- Directed by: Howard Bretherton
- Screenplay by: Ande Lamb Oliver Drake
- Produced by: Oliver Drake
- Starring: Rod Cameron Eddie Dew Jennifer Holt
- Cinematography: Maury Gertsman
- Edited by: Edward Curtiss
- Music by: Paul Sawtell
- Production company: Universal Pictures
- Distributed by: Universal Pictures
- Release date: 1 June 1945;
- Running time: 57 minutes
- Country: United States
- Language: English

= Renegades of the Rio Grande =

1945 film

Renegades of the Rio Grande is a 1945 American Western film directed by Howard Bretherton and starring: Rod Cameron, Eddie Dew and Jennifer Holt. It was produced and distributed by Universal Pictures.

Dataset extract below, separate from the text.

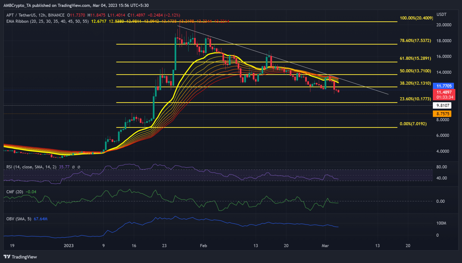 Bitcoin’s [BTC] sharp drop on Thursday (2 March) saw APT break below the 38.2% Fib support level ($12.1310). The support level prevented steep declines previously. But the bulls failed to defend it at the time of writing, which could tip the scale in favor of bears.

Ande Lamb wrote the screenplay.

==Plot==
A crooked financier and a corrupt sheriff conspire to steal land from ranchers in Oklahoma Territory for the purposes of a railroad right-of-way. A young lawyer, Clint Farrell, comes to the rescue with the aid of some fighting-mad ranchers.

==Cast==
- Rod Cameron as Buck Emerson
- Eddie Dew as Ranger Cal Benedict
- Fuzzy Knight as Ranger Trigger Bidwell
- Jennifer Holt as Dolores Salezar
- Ray Whitley as Tex Henry
- The Bar-6 Cowboys as Singing ranch hands
- Glenn Strange as Bart Drummond
- Edmund Cobb as Karl Holbrook.

==Bibliography==
- Drew, Bernard A. Motion Picture Series and Sequels: A Reference Guide. Routledge, 2013.
- Katchmer, George A. Eighty Silent Film Stars: Biographies and Filmographies of the Obscure to the Well Known. McFarland, 1991.